» **What to do**:
Copy the listing verbatim, excluding any images found in it.

» **Input data**:
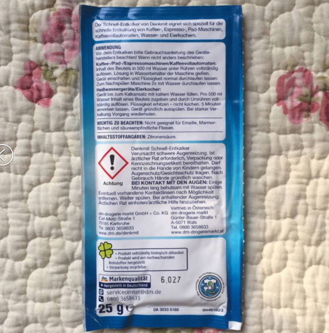 Good to use 6 bags German safe kettle with water scale tea scale coffee scale cleaning to descale 25g1 bag
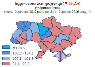 продукції тваринництва за регіонами у січні-березні 2017 року
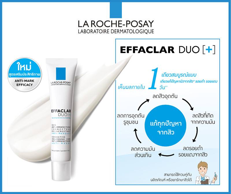 EFFACLAR DUO [+] เค้าเครมว่า ช่วยขจัดปัญหาเรื่องสิวและการอุดตันของรูขุมขน รวมถึงรอยดำรอยแดงให้หมดไป ด้วยมอยส์เจอร์ไรเซอร์ EFFACLAR DUO [+] ผู้ช่วยในการบำรุงผิวหน้าที่สามารถใช้เป็น make-up base ได้อย่างดี และรอยแดงจากการอักเสบ ด้วยส่วนผสม Procerad หลังใช้ภายใน1วัน จะช่วยลดรอยแดงได้

» **Result for this exercise**:
 Good to use 6 bags German safe kettle with water scale tea scale coffee scale cleaning to descale 25g1 bag
 продукції тваринництва за регіонами у січні-березні 2017 року
 EFFACLAR DUO [+] เค้าเครมว่า ช่วยขจัดปัญหาเรื่องสิวและการอุดตันของรูขุมขน รวมถึงรอยดำรอยแดงให้หมดไป ด้วยมอยส์เจอร์ไรเซอร์ EFFACLAR DUO [+] ผู้ช่วยในการบำรุงผิวหน้าที่สามารถใช้เป็น make-up base ได้อย่างดี และรอยแดงจากการอักเสบ ด้วยส่วนผสม Procerad หลังใช้ภายใน1วัน จะช่วยลดรอยแดงได้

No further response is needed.